9. This letter may be executed in two or more consecutive counterparts (including by facsimile), each of which shall be an original, with the same effect as if the signatures thereto and hereto were upon the same instrument, and shall become effective when one or more counterparts have been signed by each of the parties and delivered (by telecopy or otherwise) to the other parties.
10. This letter may not be amended except by an instrument in writing signed by each of the parties hereto.
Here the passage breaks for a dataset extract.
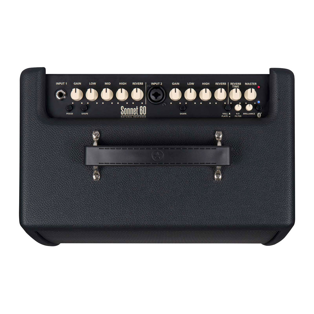 The Sonnet 60 is the ideal grab-and-go acoustic combo. This light weight, compact and feature laden 60 Watt, 1x6.5 + tweeter combo is perfect for all your acoustic gigging needs. With microphone and instrument channels with independent EQ and REVERB levels, stunning studio quality reverbs: HALL and PLATE, High Pass Filter, Brilliance control, USB audio out, XLR D.I. mix output, MP3/Line in, Bluetooth audio, footswitch socket for audio mute and REVERB on/off and Tilt-back stand for ultimate sound projection.
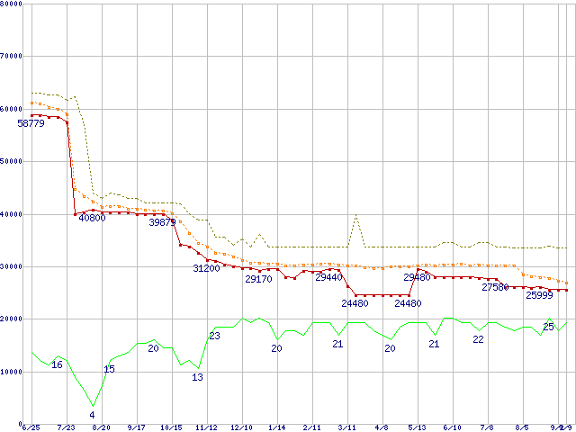 | Athlon 64 3500+ (2.2GHz,L2 512KB)の価格推移 | | | (2004年6月25日~2005年9月9日) |

11. THIS LETTER SHALL BE CONSTRUED, PERFORMED AND ENFORCED IN ACCORDANCE WITH THE LAWS OF THE STATE OF NEW YORK. The parties consent to exclusive jurisdiction in the United States District Court for the Southern District of New York (and any courts from which appeals from judgments of that court are heard) as to any dispute or claim as to which there is subject matter jurisdiction in that court and, for all other disputes or claims, the parties consent to exclusive jurisdiction in the Supreme Court of the State of New York, New York County (and any courts from which appeals from judgments of that court are heard). Each of the parties hereto agrees that a final judgment (subject to any appeals therefrom) in any such action or proceeding shall be conclusive and may be enforced in other jurisdictions by suit on the judgment or in any other manner provided by law. Each of the parties hereto hereby irrevocably and unconditionally waives, to the fullest extent it may legally and effectively do so, any objection which it may now or hereafter have to the laying of venue of any suit, action or proceeding arising out of or relating to this letter or the transactions contemplated hereby in any New York State or Federal court in accordance with the provisions of this Section 11.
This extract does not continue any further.